Patients with BOTs had a better prognosis than patients with EOC. The nomogram we constructed might be helpful for clinicians in personalized treatment planning and patient counseling.

摘要

背景

卵巢交界性肿瘤(BOTs)的预后一直是临床医生和患者关注的问题。开发一种预测BOTs患者生存情况的模型迫在眉睫。

目的

构建一种列线图,以预测BOTs患者总生存(OS)的可能性。

方法

回顾性调查了192例经组织学证实的BOTs患者和374例上皮性卵巢癌(EOC)患者的临床特征和生存结局。进行1:1倾向评分匹配(PSM)分析以消除选择偏倚。采用对数秩检验和受限平均生存时间(RMST)分析生存情况。接下来,使用单因素和多因素Cox回归分析来确定有意义的独立预后因素。此外,开发了一种列线图模型来预测BOTs患者1年、3年和5年的总生存情况。通过一致性指数(C指数)、校准曲线和决策曲线分析(DCA)评估该模型的预测性能。

结果

对于临床数据,BOTs组和EOC组在体重指数、术前CA199浓度或肿瘤定位方面无显著差异。BOTs患者比EOC患者明显年轻。BOT组和EOC组在绝经状态、产次、术前血清CA125浓度、国际妇产科联合会(FIGO)分期以及患者是否接受术后辅助治疗方面存在显著差异。

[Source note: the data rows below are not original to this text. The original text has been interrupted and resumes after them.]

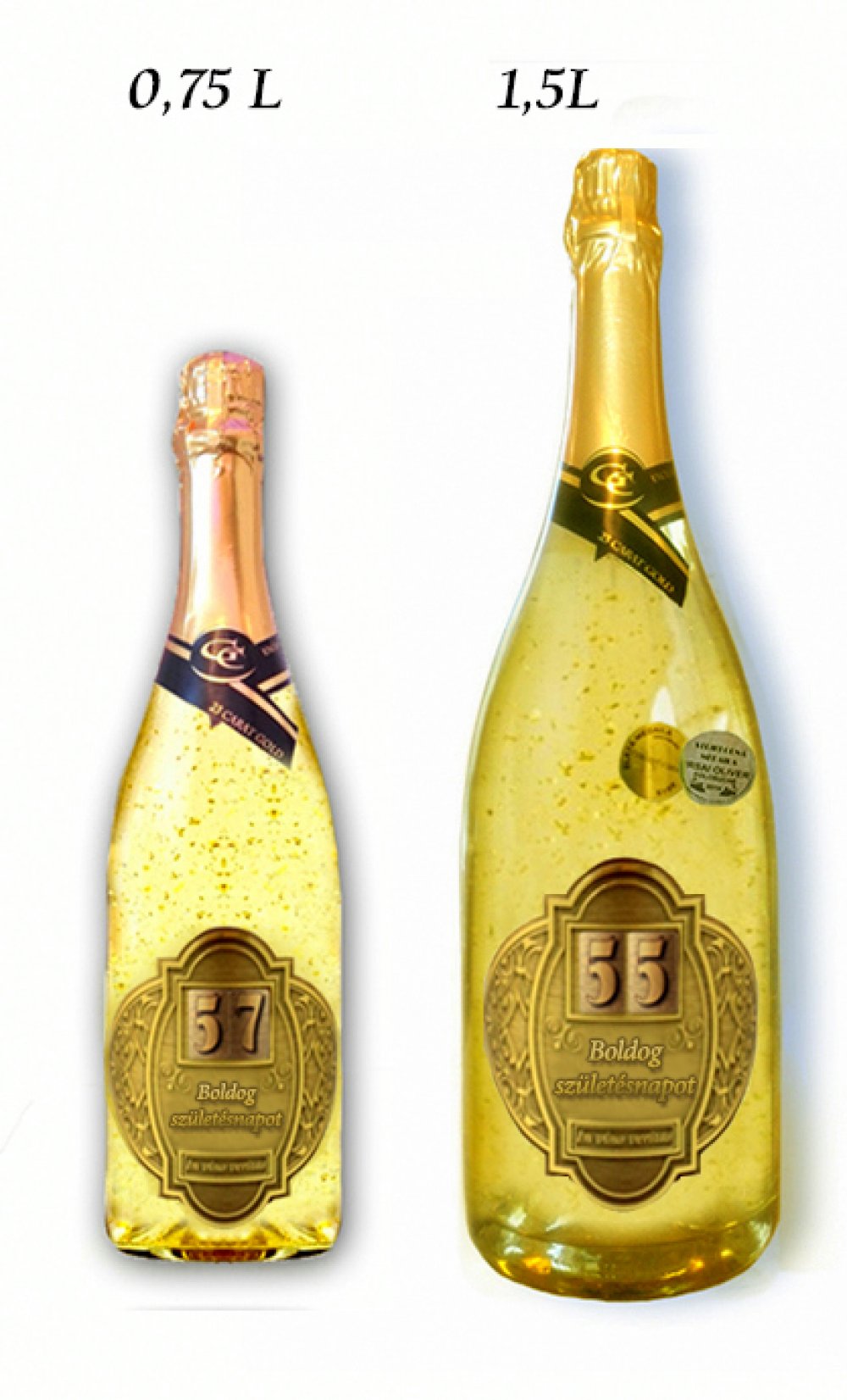 Gold Cuvee Fehér habzóbor 23 karátos aranypehellyel és kívánsággal Boldog születésnapot (életkorral 0-99 év között).
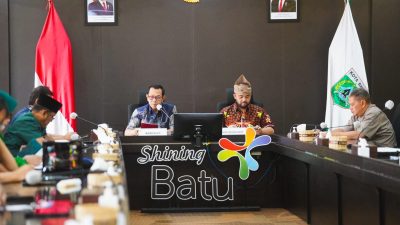 Wali Kota Batu Nurochman dan Wakil Wali Kota Heli Suyanto saat memimpin rakor Lintas sektoral…
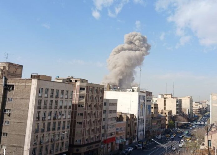 Autoritățile iraniene au raportat explozii la Teheran, iar presa de stat a prezentat imagini cu fumul dens. Un reprezentant al rețelei @IRIran_Military de pe Twitter a comentat, în engleză, „Let the world know that we did not start this war” („Lăsați lumea să știe că nu am inițiat noi acest război”).
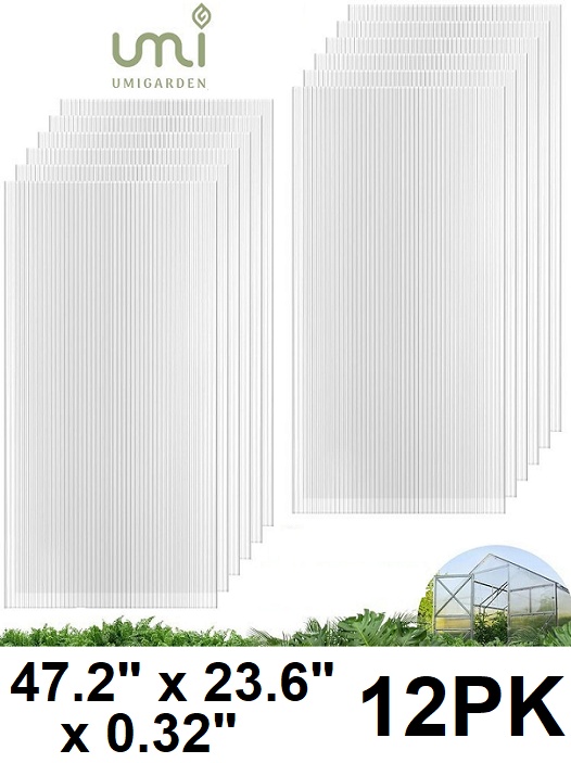 12PK UMIGARDEN TWIN-WALL WATERPROOF POLYCARBONATE OUTDOOR GREENHOUSE ROOF SHEETS - 47.2" X 23.6" X 0.32"
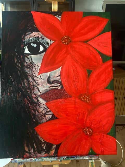maleri akryl blomstermotiv
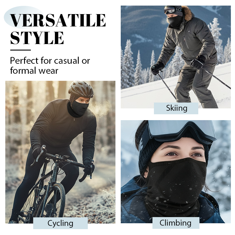 VERSATILE OUTDOOR PROTECTION - Ideal for various outdoor pursuits such as hiking, skiing, cycling, and climbing. This face mask offers essential protection from elements, supporting diverse activities in cooler environments with its functional design.
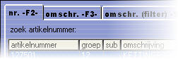 U kunt door de eerste paar letters of cijfers van een omschrijving in te typen bijvoorbeeld een artikel selecteren op artikelnummer, artikelomschrijving, artikelgroep of op bijvoorbeeld bestelnummer etc.
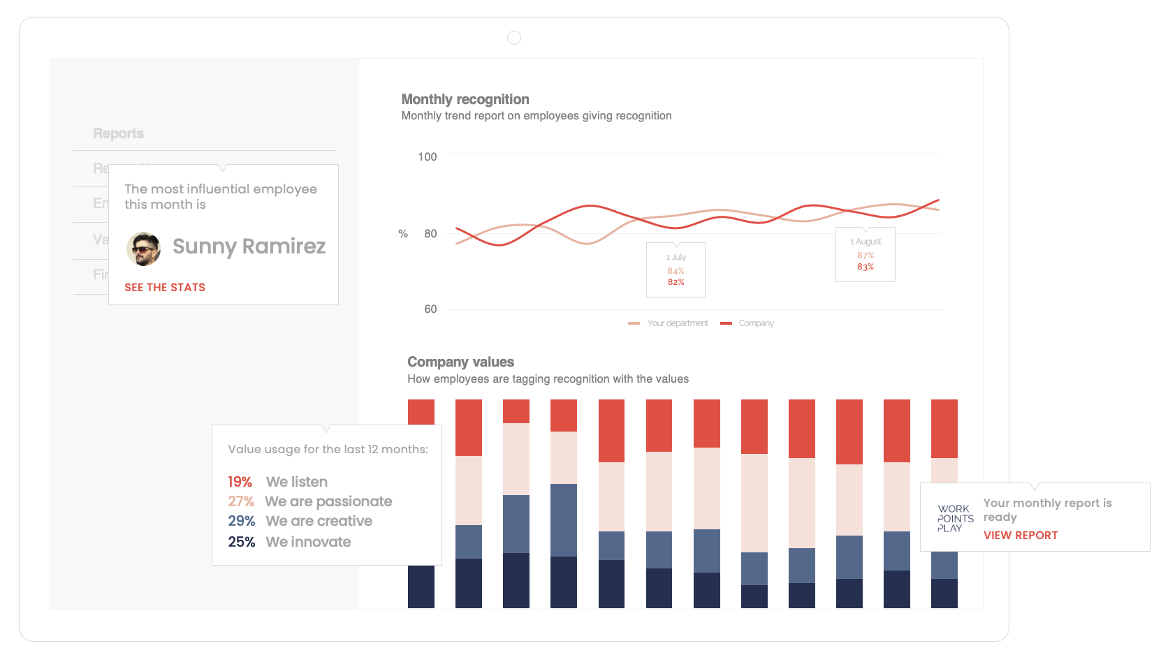 Our easily digestible dashboards mean you can spend your efforts analysing the recognition program, not struggling to make sense of disparate data sets.
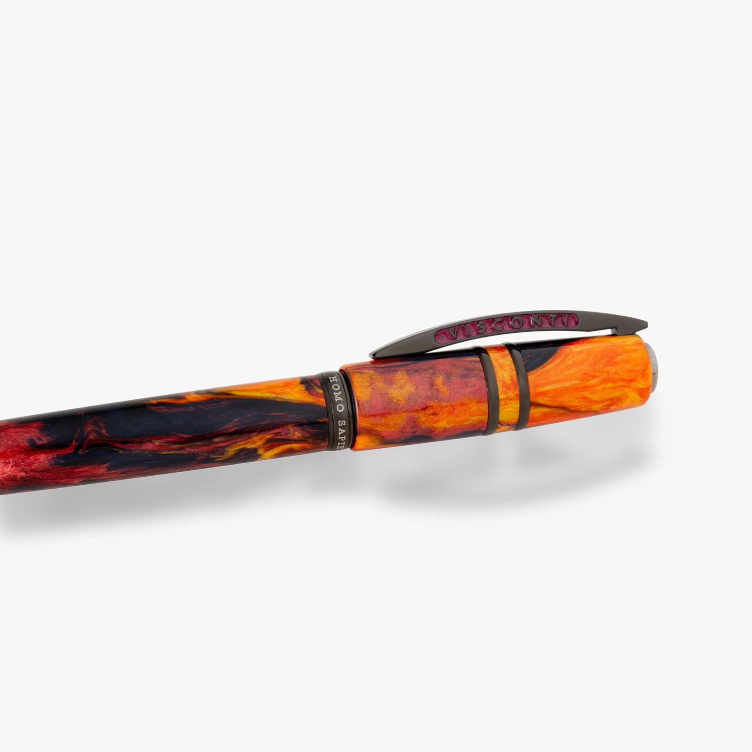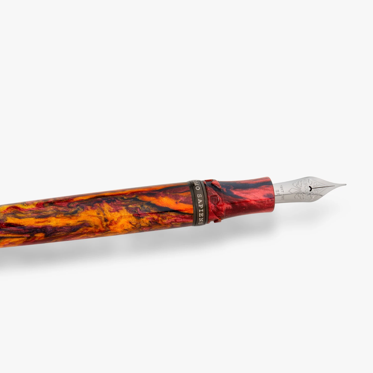 Visconti Homo Sapiens Earth Origins Fire è realizzata in resina J. Brooks dalle tonalità accese di rosso, arancio e nero, ispirate alle suggestive scintille del fuoco in una notte buia, e completate da eleganti finiture in PVD nero. La penna stilografica è equipaggiata di un pennino in oro 18k e disponibile in tiratura limitata a soli 388 esemplari.

PSM后,BOTs患者的总生存情况优于EOC患者(P值 = 0.0067);更重要的是,BOTs的5年RMST长于EOC(P值 = 0.0002,95%CI -1.137至 -0.263)。多因素Cox回归分析表明,确诊年龄和手术类型是BOT患者OS的独立危险因素(P值 < 0.05)。基于确诊年龄、术前血清CA125和CA199水平、手术类型、FIGO分期和肿瘤大小开发了一种列线图。此外,C指数(0.959,95%置信区间0.8708 - 1.0472)、1年、3年和5年OS的校准图以及决策曲线分析表明该模型具有准确的预测能力。

结论

BOTs患者的预后优于EOC患者。我们构建的列线图可能有助于临床医生进行个性化治疗规划和患者咨询。